### YOUR TASK
When you copy from the entries that follow, take only the lines from the one with "用户选择要删除的信息并单击D" down to the one with "Absorvente Intimus Noturno", keeping both ends and dropping every picture.

### DATA EXCERPTS

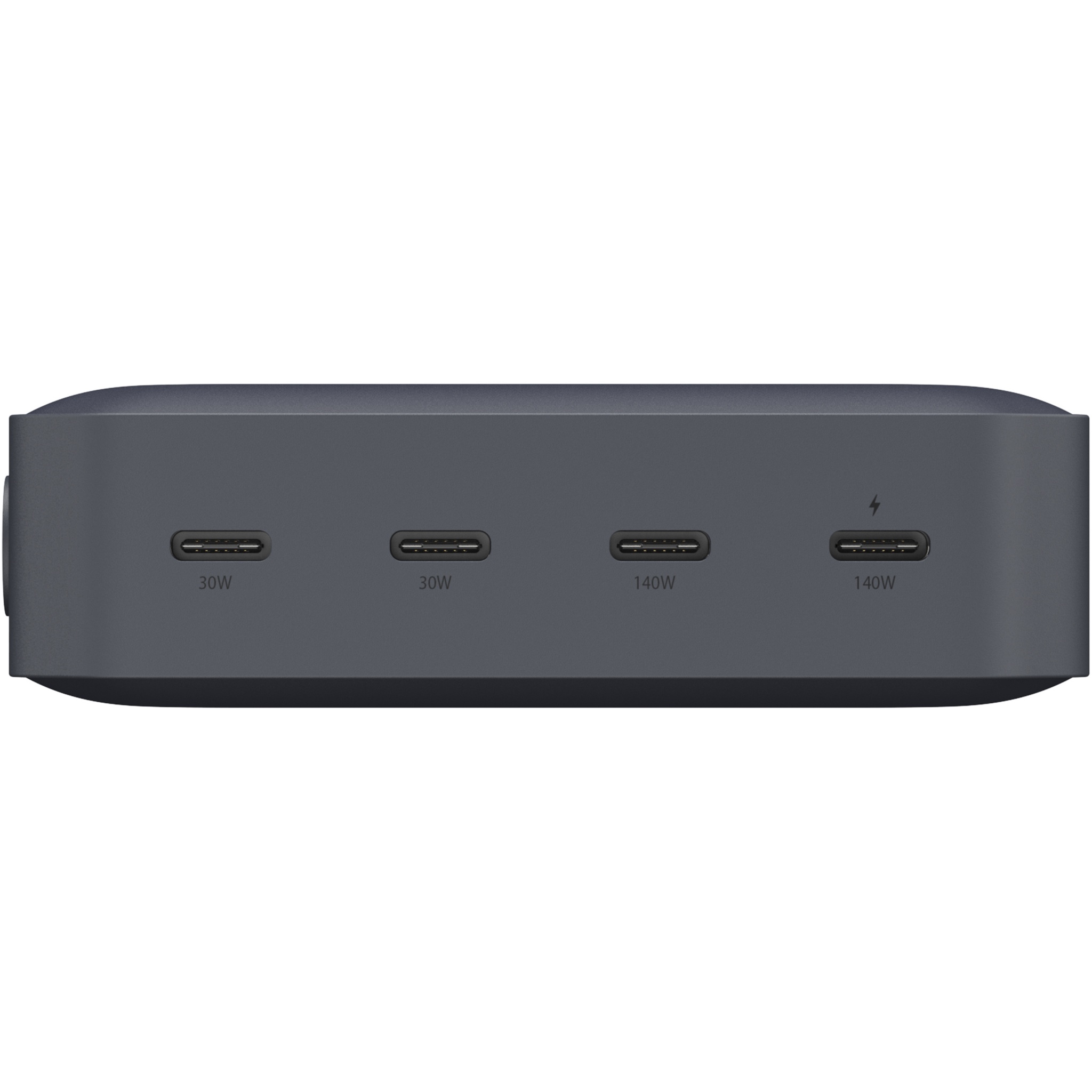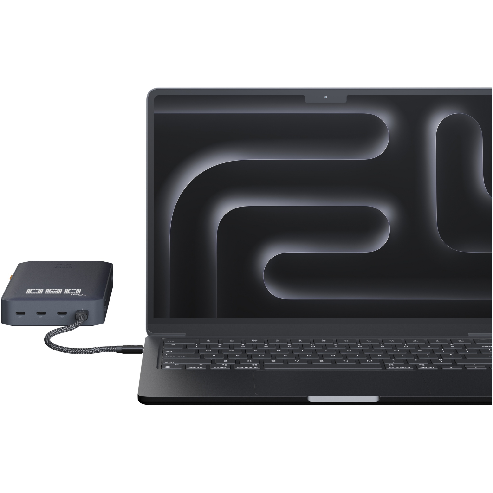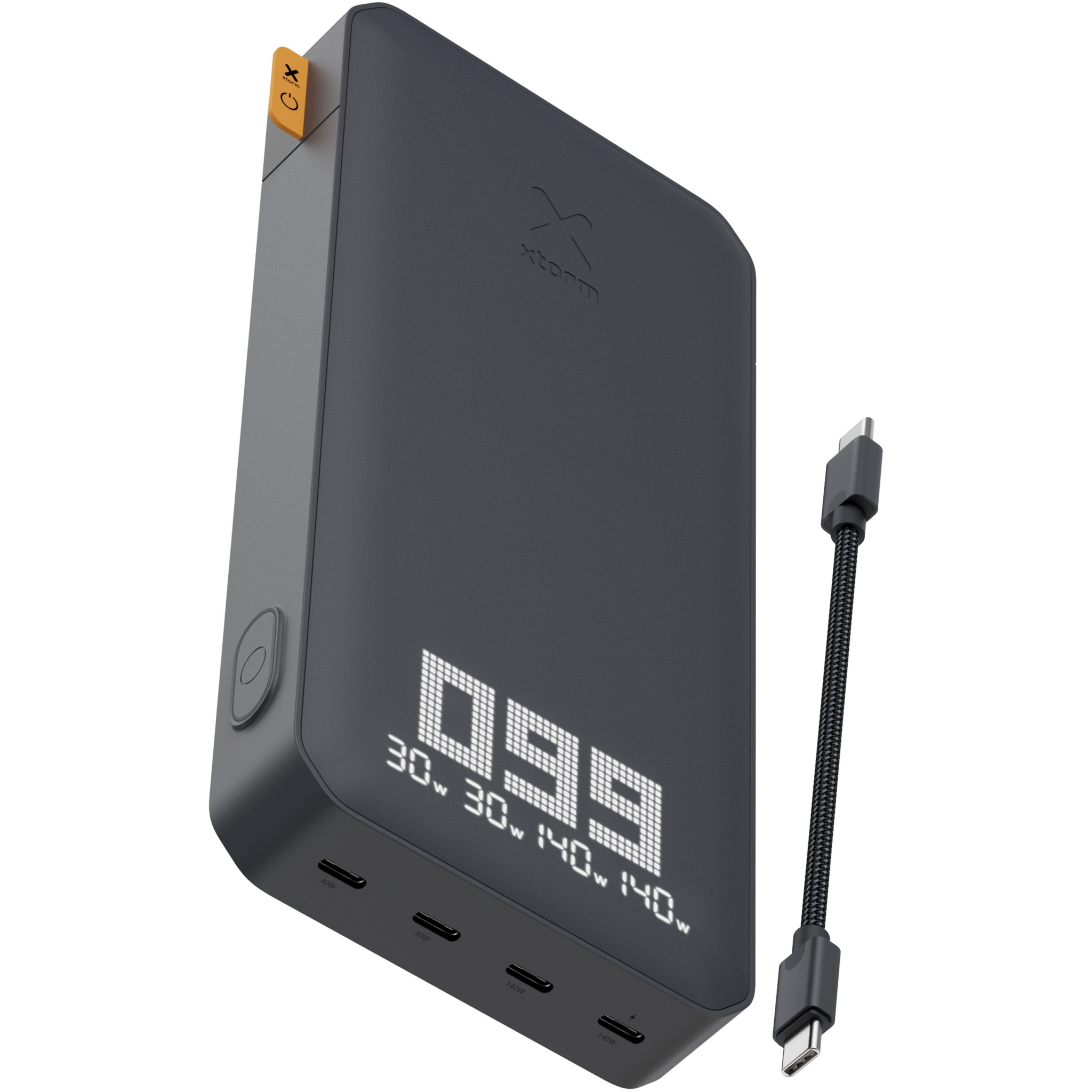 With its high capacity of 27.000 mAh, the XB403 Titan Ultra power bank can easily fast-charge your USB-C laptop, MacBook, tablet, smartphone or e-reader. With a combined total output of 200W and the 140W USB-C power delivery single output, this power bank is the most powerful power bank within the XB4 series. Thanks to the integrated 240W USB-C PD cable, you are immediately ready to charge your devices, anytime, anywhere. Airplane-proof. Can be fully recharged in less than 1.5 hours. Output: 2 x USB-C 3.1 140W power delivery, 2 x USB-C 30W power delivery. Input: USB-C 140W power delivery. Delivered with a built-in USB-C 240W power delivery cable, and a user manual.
...
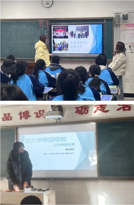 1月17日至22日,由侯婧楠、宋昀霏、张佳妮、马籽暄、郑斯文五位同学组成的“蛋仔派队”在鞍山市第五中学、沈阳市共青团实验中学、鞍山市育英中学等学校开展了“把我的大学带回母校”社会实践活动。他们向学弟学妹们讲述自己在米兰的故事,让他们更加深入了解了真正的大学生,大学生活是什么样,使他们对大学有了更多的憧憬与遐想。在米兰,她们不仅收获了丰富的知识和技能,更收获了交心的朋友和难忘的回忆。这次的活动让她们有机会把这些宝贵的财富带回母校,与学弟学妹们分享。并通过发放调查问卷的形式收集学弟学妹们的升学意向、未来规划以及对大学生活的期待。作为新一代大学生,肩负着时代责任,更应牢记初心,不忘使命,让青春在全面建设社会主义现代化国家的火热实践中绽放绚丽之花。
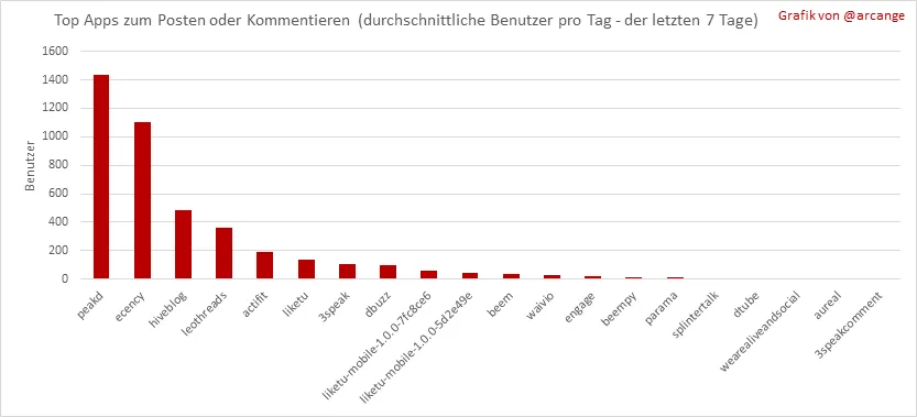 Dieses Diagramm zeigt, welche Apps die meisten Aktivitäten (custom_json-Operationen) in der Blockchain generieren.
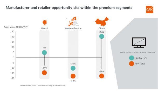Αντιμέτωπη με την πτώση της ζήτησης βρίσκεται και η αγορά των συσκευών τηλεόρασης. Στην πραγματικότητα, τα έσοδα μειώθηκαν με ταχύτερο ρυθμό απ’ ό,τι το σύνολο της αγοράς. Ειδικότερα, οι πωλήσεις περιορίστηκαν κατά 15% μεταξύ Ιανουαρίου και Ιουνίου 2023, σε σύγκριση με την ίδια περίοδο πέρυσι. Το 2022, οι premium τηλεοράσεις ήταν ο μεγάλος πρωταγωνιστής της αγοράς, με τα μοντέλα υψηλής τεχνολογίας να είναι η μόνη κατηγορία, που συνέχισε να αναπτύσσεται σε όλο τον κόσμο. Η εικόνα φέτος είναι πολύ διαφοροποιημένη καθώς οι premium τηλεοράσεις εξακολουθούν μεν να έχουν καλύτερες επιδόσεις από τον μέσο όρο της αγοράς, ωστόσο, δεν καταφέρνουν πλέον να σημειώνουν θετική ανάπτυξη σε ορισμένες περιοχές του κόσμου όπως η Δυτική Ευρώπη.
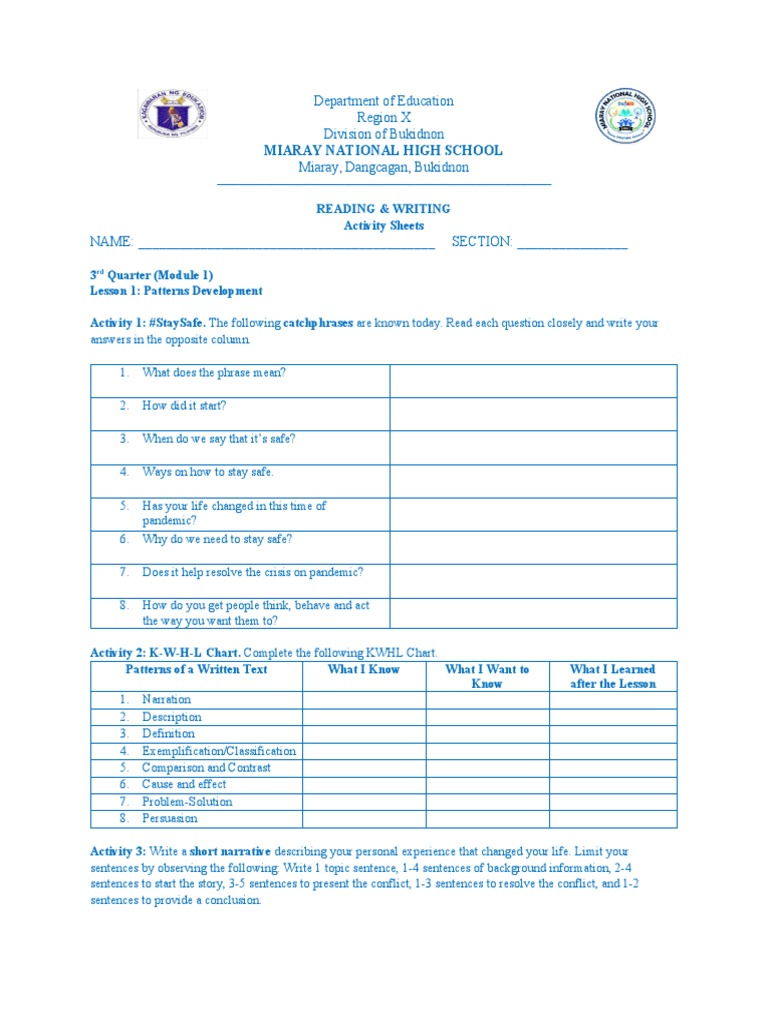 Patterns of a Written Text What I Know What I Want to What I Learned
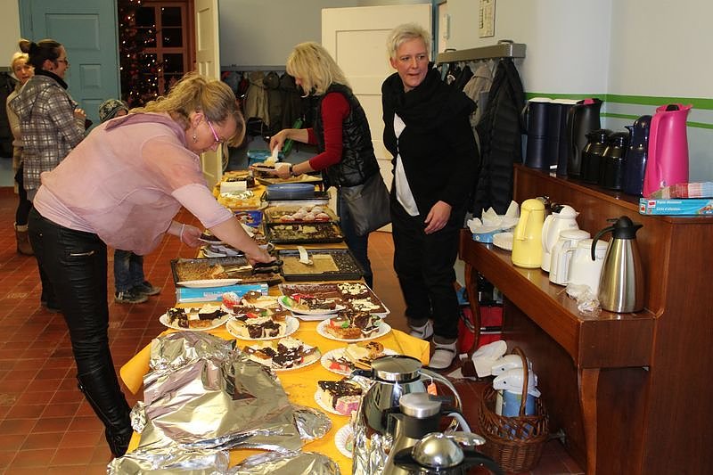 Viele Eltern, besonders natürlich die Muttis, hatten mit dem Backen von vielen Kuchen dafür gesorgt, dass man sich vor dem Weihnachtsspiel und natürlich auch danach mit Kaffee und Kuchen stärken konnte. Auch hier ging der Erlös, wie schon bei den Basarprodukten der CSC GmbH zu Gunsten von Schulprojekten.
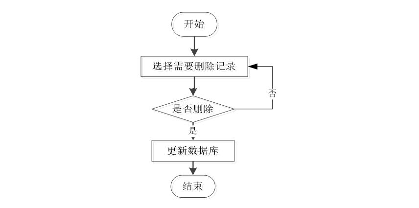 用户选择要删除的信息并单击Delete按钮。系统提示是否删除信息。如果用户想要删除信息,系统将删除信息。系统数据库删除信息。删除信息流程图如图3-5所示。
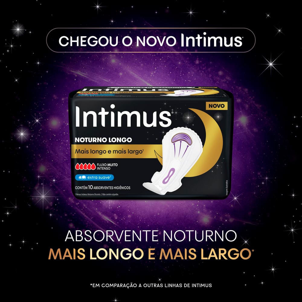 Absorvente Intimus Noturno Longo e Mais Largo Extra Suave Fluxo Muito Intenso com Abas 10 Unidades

### SOLUTION TO THIS EXERCISE
 用户选择要删除的信息并单击Delete按钮。系统提示是否删除信息。如果用户想要删除信息,系统将删除信息。系统数据库删除信息。删除信息流程图如图3-5所示。
 Absorvente Intimus Noturno Longo e Mais Largo Extra Suave Fluxo Muito Intenso com Abas 10 Unidades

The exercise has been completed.